For example, if you want to finetune on swiss_judgment_prediction with the seeds [1,2,3], 10 epochs, and all pretrained language models as described in the paper, you can type the following:

python main.py --task swiss_judgment_prediction --list_of_seeds 1,2,3 --num_train_epochs 10

Temporary bash files will be created and saved in the folder temporary_scripts and they will be run immediately. These bash files will be overwritten the next time you run main.py.

If you want to finetune only on, let's say, xlm-roberta-large, you can type the following command.

python main.py --task swiss_judgment_prediction --list_of_seeds 1,2,3 --num_train_epochs 10 --language_model_type xlm-roberta-large

If, additionally, you don't want to make use of a hierarchical model (swiss_judgment_prediction makes use of hierarchical models due to the length of the input documents), you type the following.

python main.py --task swiss_judgment_prediction --list_of_seeds 1,2,3 --num_train_epochs 10 --language_model_type xlm-roberta-large --hierarchical False

Not all tasks support the use of hierarchical types. For example, the code for the named entity recognition tasks has not been optimized to make use of both the non-hierarchical and the hierarchical variants. Therefore, setting -hierarchical to True will cause an error.

How to do hyperparameter search

In case you want to perform hyperparameter search this is possible via the argument do_hyperparameter_search. The values for metric_for_best_model (and accordingly for greater_is_better, see the huggingface documentation) will stay the same, i.e., the hyperparameters will be searched by searching for the lowest evaluation loss. In the following, we provide the command for hyperparameter search for the finetuning task german_argument_mining with the model distilbert-base-multilingual-cased.

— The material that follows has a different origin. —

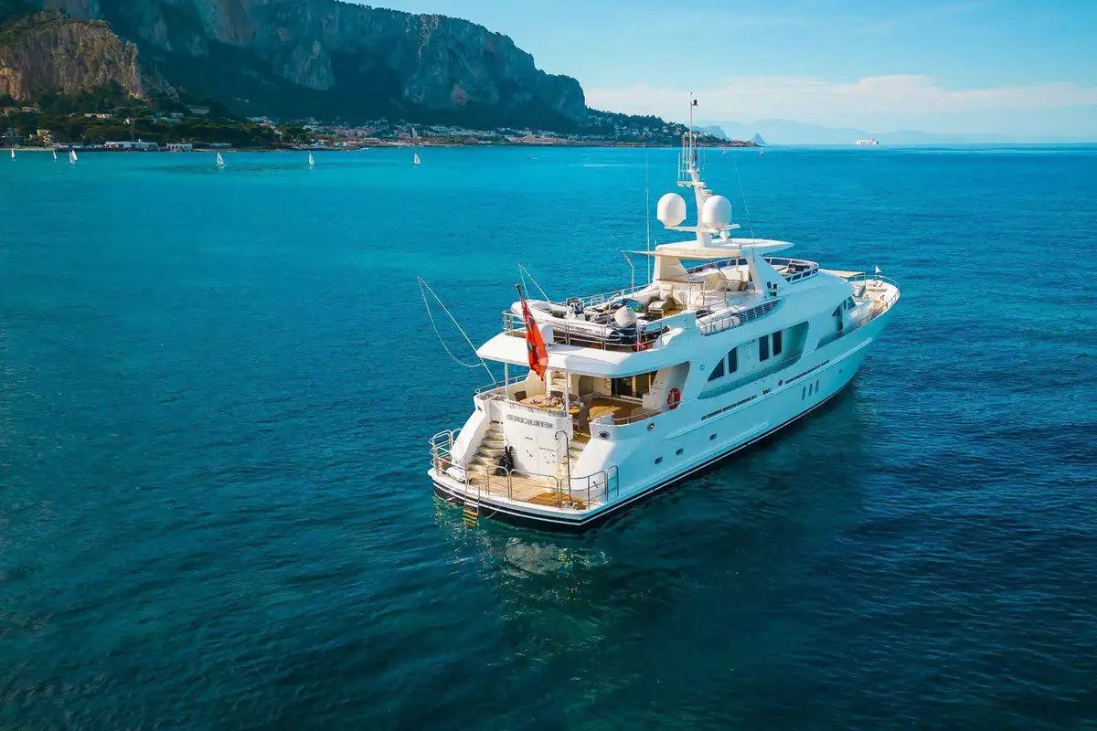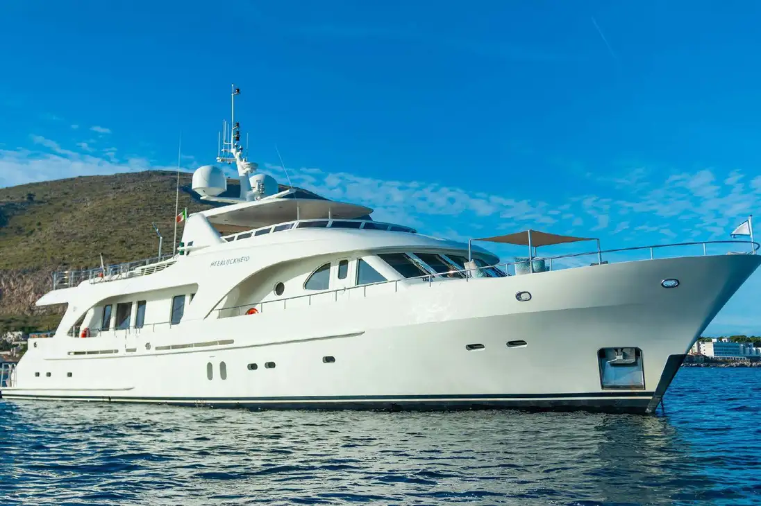 Spelling the name of this luxury yacht is the only complicated thing you will encounter when you charter these 30 meters of pampering for you and your loved ones. Meaning ‘Glory’, Heerlijckheid will make sure your days sailing around the Balearic Islands will be just that – glorious. Featuring an exterior design by René van der Velden Yacht Design, there is room for up to nine guests in four cabins. Built in the Netherlands by Moonen, she boasts a maximum cruising range of 4000 nautical miles and a top speed of 13 knots, with power coming from two Caterpillar diesel engines. Delivered in 2010, she is built with a teak deck, a steel hull, and an aluminium superstructure.

python main.py -gn 1 -gm 80 --task german_argument_mining --do_hyperparameter_search True -lmt distilbert-base-multilingual-cased -ld hyperparameter_tuning

Automatically, you will create a new project in wandb which is the same as the name of the logging directory, in the case above hyperparameter_tuning. The runs in wandb will be named according to this pattern: finetuning task

__num_train_epochs_X__weight_decay_X__batch_size_X__seed_X__learning_rate_X__num_train_epochs_actually_trained_X . X in this context means the actual values of hyperparameters; num_train_epochs_actually_trained depicts the actual number of training epochs, because the training will stop earlier if no improvements are to be detected during training.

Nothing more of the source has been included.